Au regard de ces éléments, M. [N] [O] peut être actionné à raison de son engagement de caution souscrit le 27 août 2015, dans la limite de la somme de 19 500 euros.
Le jugement déféré sera en conséquence infirmé en ce qu’il a débouté la SA Société générale de sa demande de paiement en principal de la somme de 29.821,30 euros au titre de l’engagement de M. [N] [O] en sa qualité de caution relatif à un avenant à une convention de compte courant consenti à la société RC Charpente en date du 28 septembre 2017,
M. [N] [O] sera condamné à payer à la SA Société générale la somme de 19.500 euros, outre intérêts au taux légal à compter du 28 mars 2022, date de la mise en demeure, en sa qualité de caution, ayant garanti un avenant à une convention de compte courant consenti à la société RC Charpente le 27 août 2015.
§3 Sur la demande de délais de paiement
Les dispositions de l’article 1343-5 du code civil permettent au juge, compte tenu de la situation du débiteur et en considération des besoins du créancier, de reporter ou d’échelonner, dans la limite de deux années, le paiement des sommes dues.
En l’espèce, M. [N] [O] ne produit aucune pièce permettant à la cour d’apprécier sa situation personnelle et professionnelle actuelle (bulletin de salaire ou dernier avis d’imposition).
Or, la mise en place d’un échéancier de paiement sur 24 mois présuppose, dans l’intérêt commun des parties, qu’il puisse être respecté.
Aussi, au vu du montant dont il doit s’acquitter auprès de la SA Société générale, M. [N] [O] ne justifie nullement du fait qu’il serait en capacité d’honorer sa dette au moyen d’un délai de paiement de deux ans, alors que la mise en demeure de payer les sommes date du 28 mars 2022 et qu’aucun paiement partiel n’est intervenu.

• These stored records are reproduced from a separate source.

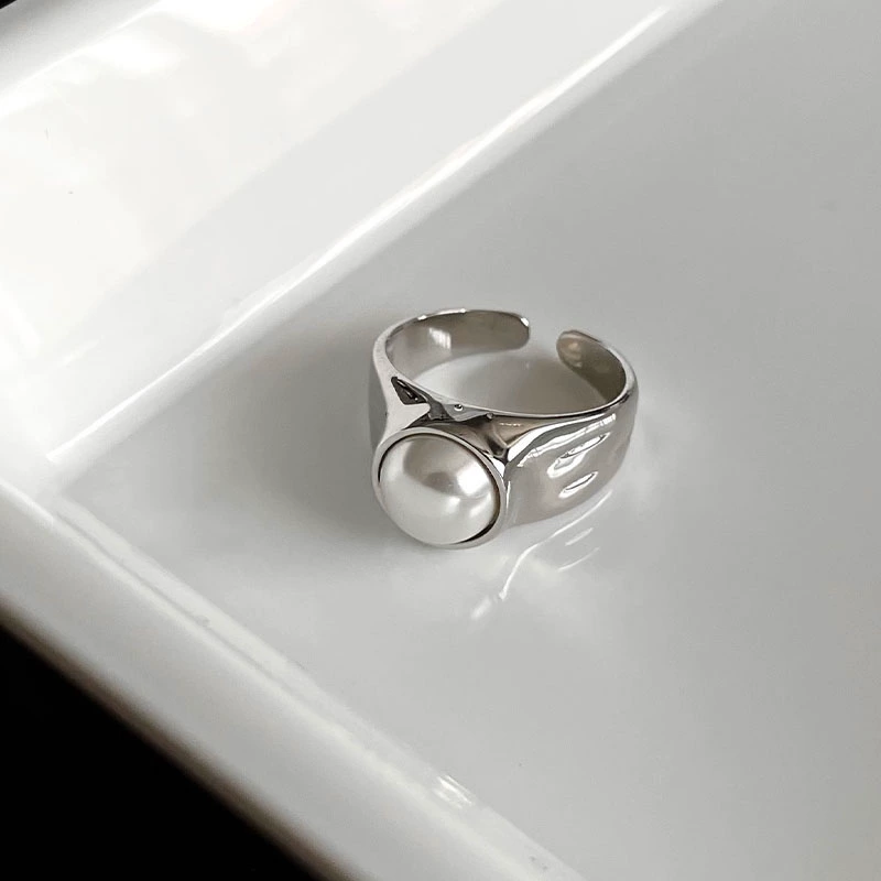 خاتم جديد من الفضة الإسترليني 2024 مرصع باللؤلؤ مفتوح على مصراعيه خاتم فرنسي بسيط متعدد الاستخدامات للنساء قابل للتعديل
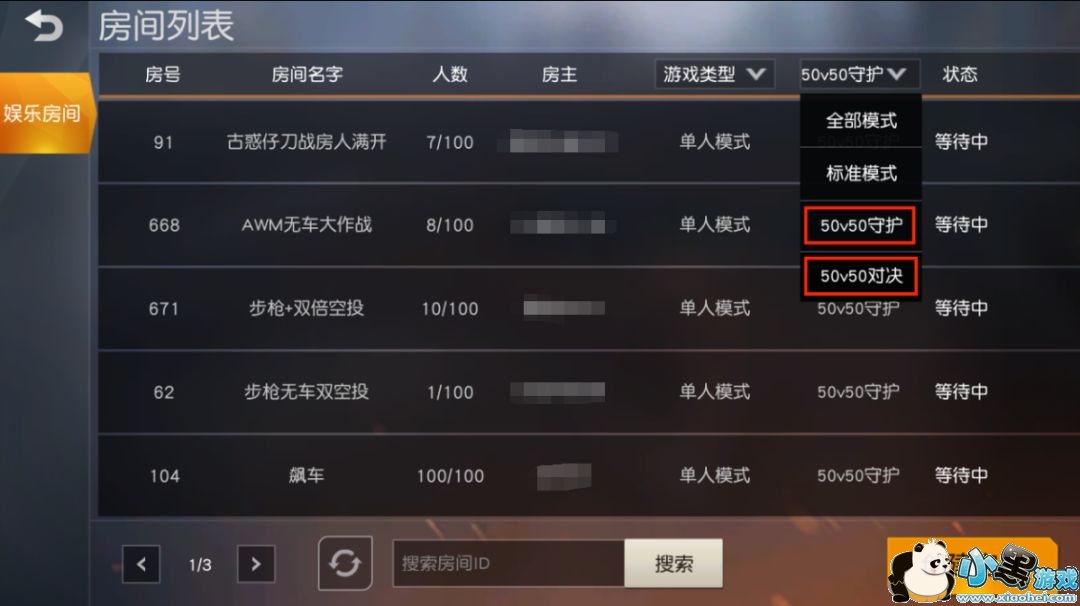 快速选择房间模式
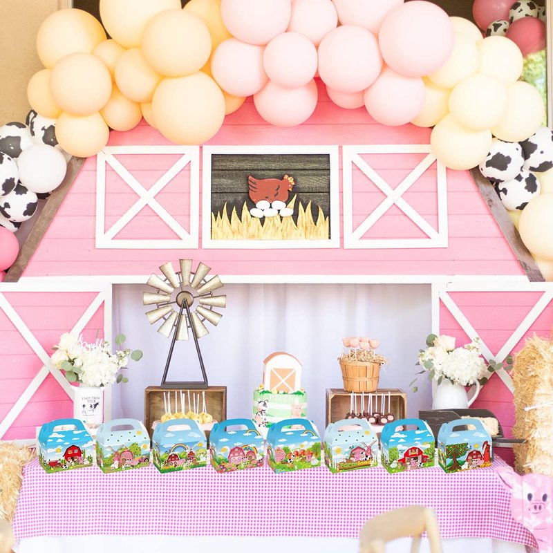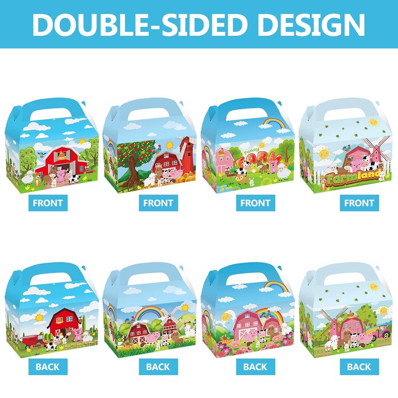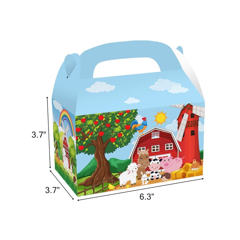 - Quality Material: These farmhouse animals goodie gift boxes are made of quality craft paper, safe and non-toxic, study and durable. Farm animals party treat boxes are printed in full color with both side print, Ideal for use as candy, chocolate, party favor treat boxes during barnyard farm animal parties and other celebrations

En conséquence, la demande de délais de paiement formée par M. [N] [O] sera rejetée.
§4 Sur les mesures accessoires
Il convient de confirmer la décision déférée en ce qu’elle a ordonné la capitalisation des intérêts par année entière, condamné M. [N] [O] aux dépens de première instance et rejeté la demande au titre de l’article 700 du code de procédure civile.
Chacune des parties succombant pour partie dans ses demandes, les dépens d’appel seront partagés par moitié entre la SA Société générale et M. [N] [O].
En équité, il n’y a pas lieu d’allouer une somme au titre de l’article 700 du code de procédure civile.
PAR CES MOTIFS :
La Cour, statuant publiquement, contradictoirement, par mise à disposition de l’arrêt au greffe de la Cour, les parties en ayant été préalablement avisées dans les conditions prévues au deuxième alinéa de l’article 450 du code de procédure civile, après en avoir délibéré conformément à la loi,
INFIRME le jugement en ce qu’il a débouté la SA Société générale de sa demande de paiement en principal de la somme de 29.821,30 euros au titre de l’engagement de M. [N] [O] en sa qualité de caution relatif à un avenant à une convention de compte courant consenti à la société RC Charpente en date du 28 septembre 2017,
CONFIRME le jugement en ses autres dispositions soumises à la cour.
Statuant à nouveau et y ajoutant,
CONDAMNE M. [N] [O] à payer à la SA Société générale la somme de 19.500 euros, outre intérêts au taux légal à compter du 28 mars 2022, au titre de l’engagement de caution relatif à un avenant à une convention de compte courant consenti à la société RC Charpente le 27 août 2015,
REJETTE la demande de délais de paiement formée par M. [N] [O],
DIT que les dépens d’appel seront partagés par moitié entre la SA Société générale et M. [N] [O],
DIT n’y avoir lieu à application des dispositions de l’article 700 du code de procédure civile,
SIGNÉ par Mme Marie-Pierre FIGUET, Présidente et par Mme Anne BUREL, Greffière présente lors de la mise à disposition à laquelle la minute de la décision a été remise par le magistrat signataire.